WHAT YOU ARE ASKED TO DO => Look below for the line that has "Общая площадь52,4 м²"; output exactly from it through the line that has "本次会议分学习会、工作例会、", and leave the pictures out.

== Segment start ==

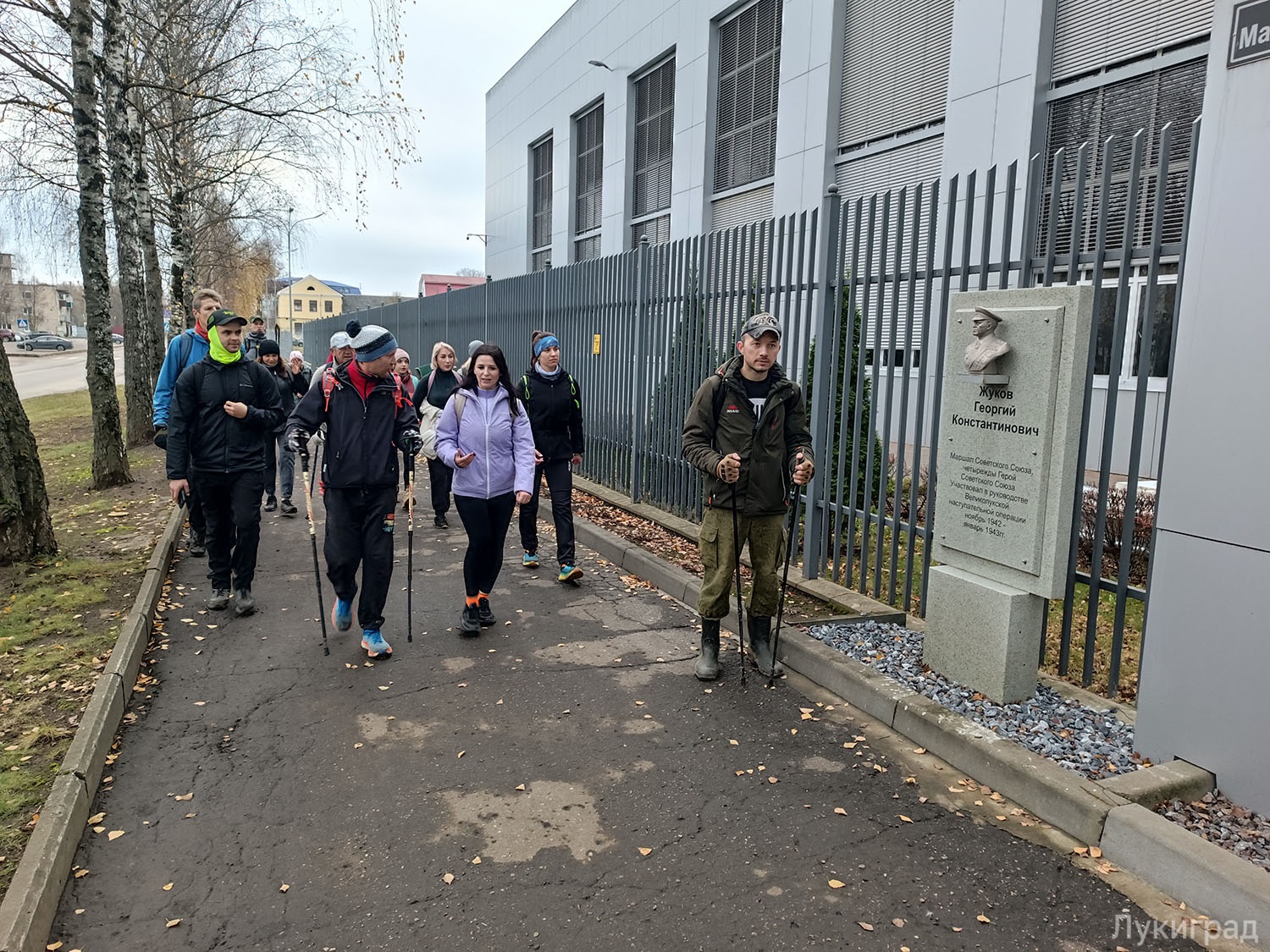 Выцеливая снова окраину города, дошли до улицы Маршала Жукова, где установлена мемориальная доска с бюстом Георгия Константиновича. Вскоре асфальт вместе с тротуаром закончились, взамен дали весьма приличную туристическую тропу.
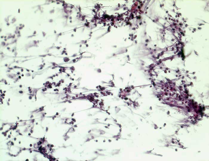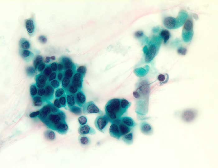Die Tumorzellen des kleinzelligen Karzinoms erscheinen in der Übersicht eher einförmig. Bei stärkerer Vergrösserung zeigt sich aber eine deutliche Polymorphie. Die Kerne sind rundlich, eckig oder spindelig und je nach Erhaltungszustand mehr oder weniger hyperchromatisch. Der Kernhintergrund ist dunkel und das Chromatin fein dispers. Nukleolen sind meist unscheinbar. Plumpe grosse Nukleolen sprechen eher für ein grosszellig neuroendokrines Karzinom, dessen Morphologie im Übrigen mit derjenigen des kleinzelligen Karzinoms überlappt. Die Abgrenzung von einem Lymphom oder aktivierten Lymphozyten kann schwierig sein.
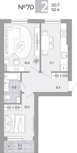 Общая площадь52,4 м²
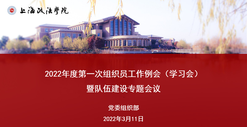 本次会议分学习会、工作例会、队伍建设专题会三个阶段进行。会上,党委组织部李洋带领全体与会人员学习了习近平总书记在中央党校(国家行政学院)中青年干部培训班开班式上的重要讲话精神,并传达了上海市组织部长会议精神。国际法学院党总支专职组织员周楷、刑事司法学院党总支专职组织员秦雪做了工作交流发言。经济管理学院党总支专职组织员徐璐介绍了2022年度学校党建服务中心工作计划。张东霞结合3月份学校党建工作重点任务,重点解读部署了2022年度学校组织工作、统战工作要点。
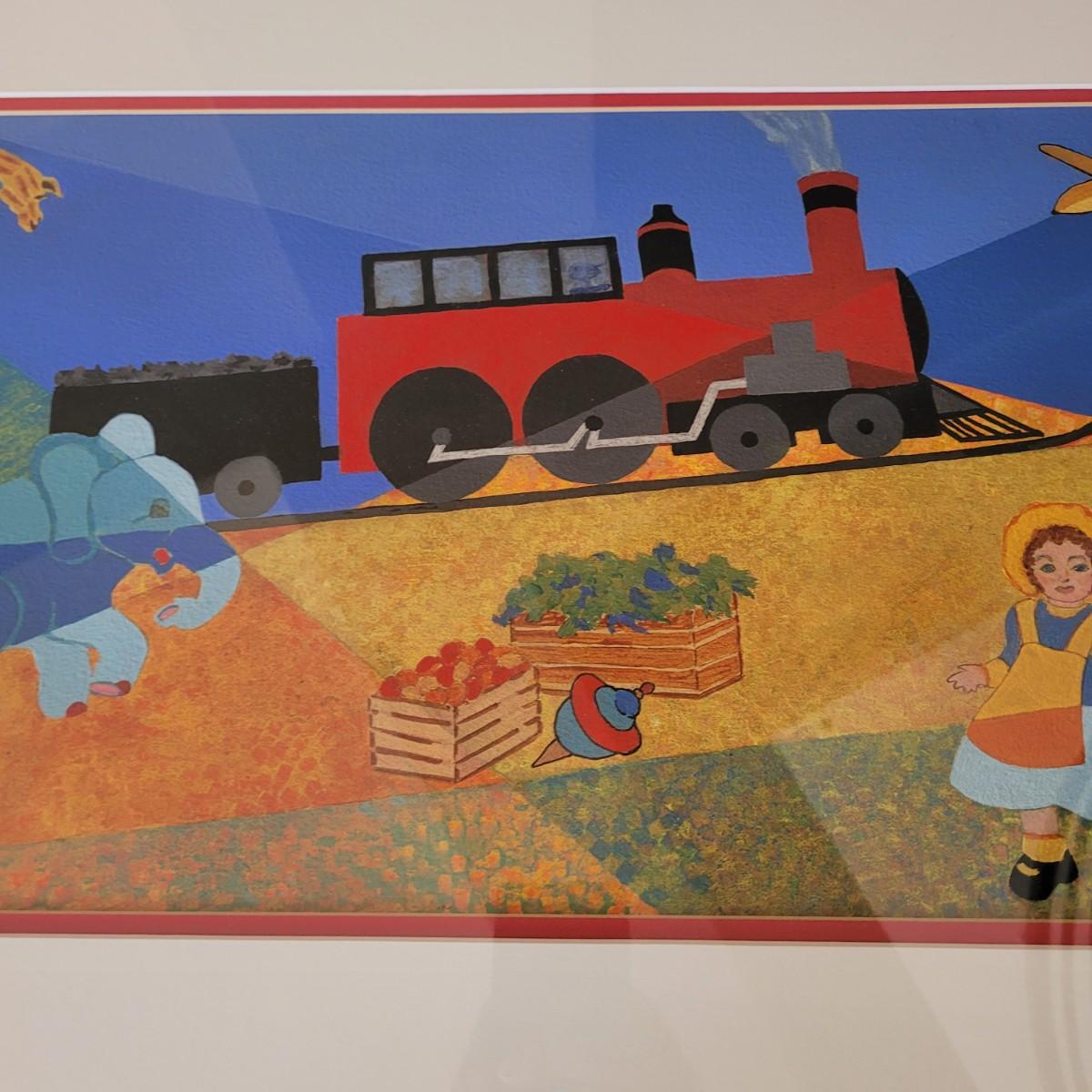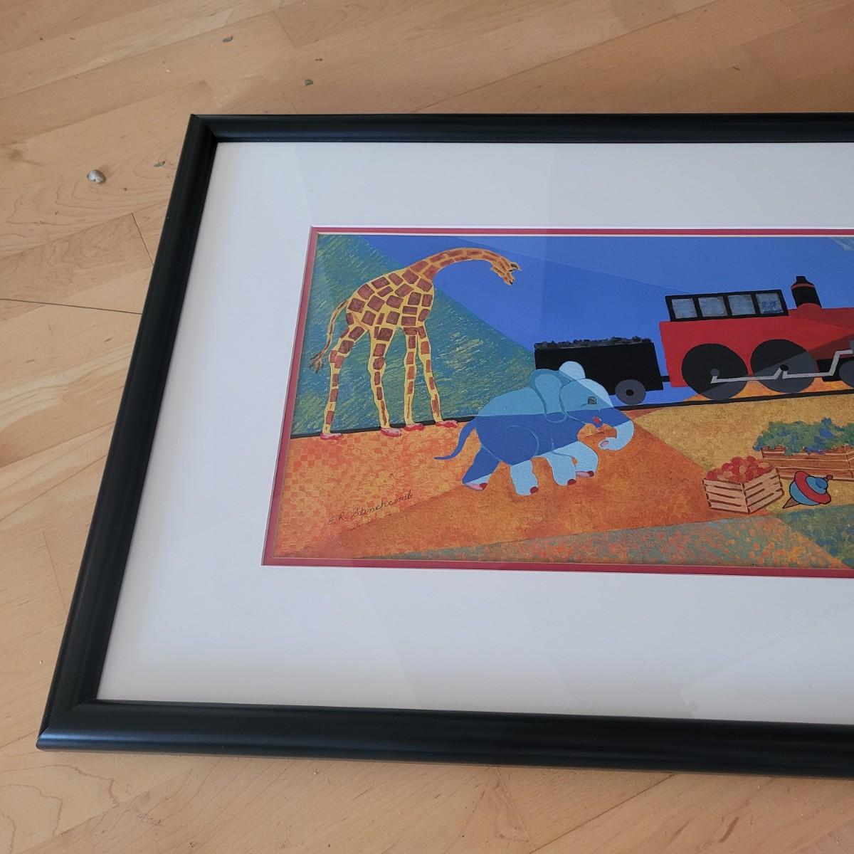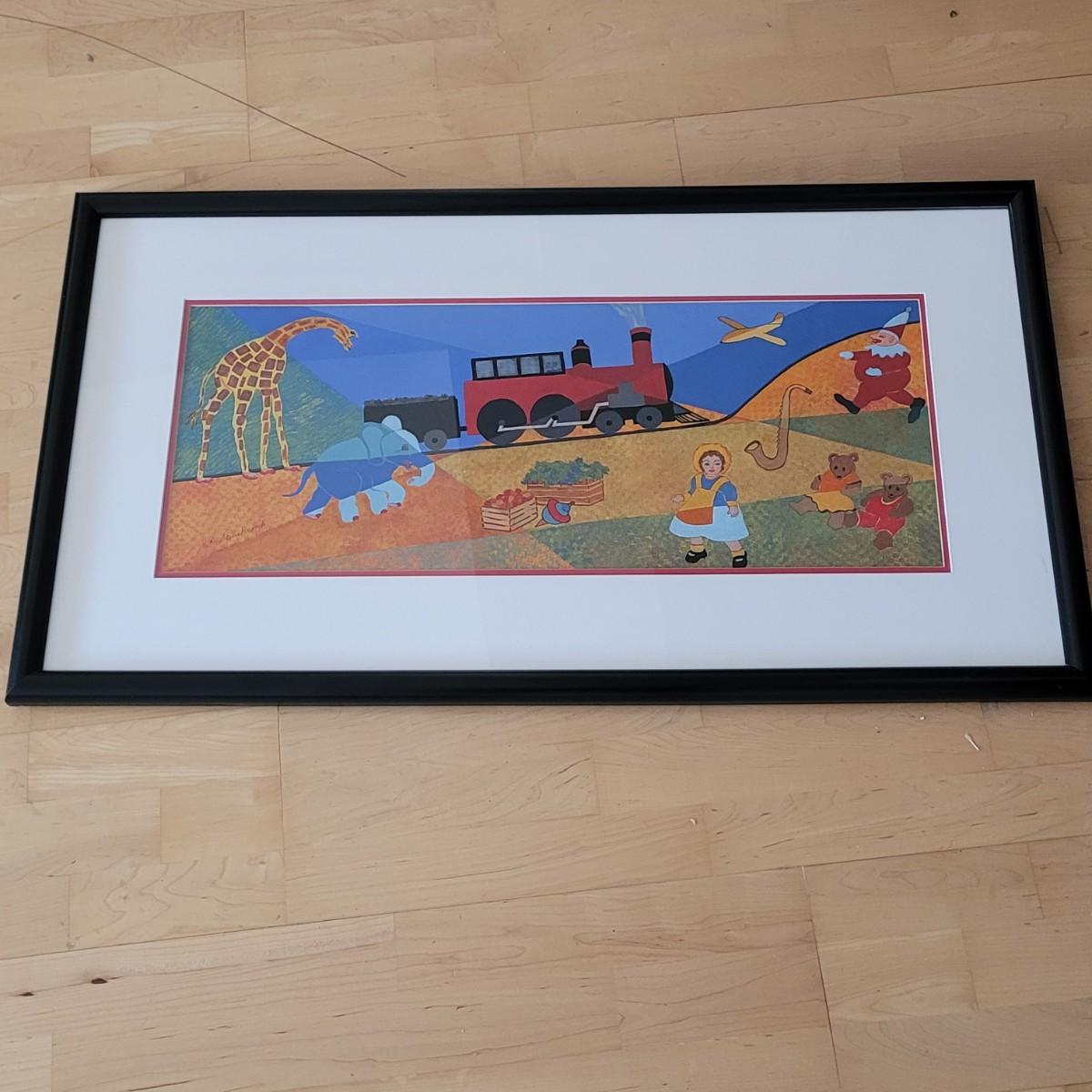 This lot includes an original piece by artist E.R. Stinchcomb. It appears to be mixed media (likely paint, pencil, and pastel). It depicts a train, a little girl, a clown, and various animals with a blue and green background. It is signed in the bottom left corner. The frame measures 38" x 22"H and is behind plexiglass.

== Segment end ==

EXERCISE SOLUTION =>
 Общая площадь52,4 м²
 本次会议分学习会、工作例会、队伍建设专题会三个阶段进行。会上,党委组织部李洋带领全体与会人员学习了习近平总书记在中央党校(国家行政学院)中青年干部培训班开班式上的重要讲话精神,并传达了上海市组织部长会议精神。国际法学院党总支专职组织员周楷、刑事司法学院党总支专职组织员秦雪做了工作交流发言。经济管理学院党总支专职组织员徐璐介绍了2022年度学校党建服务中心工作计划。张东霞结合3月份学校党建工作重点任务,重点解读部署了2022年度学校组织工作、统战工作要点。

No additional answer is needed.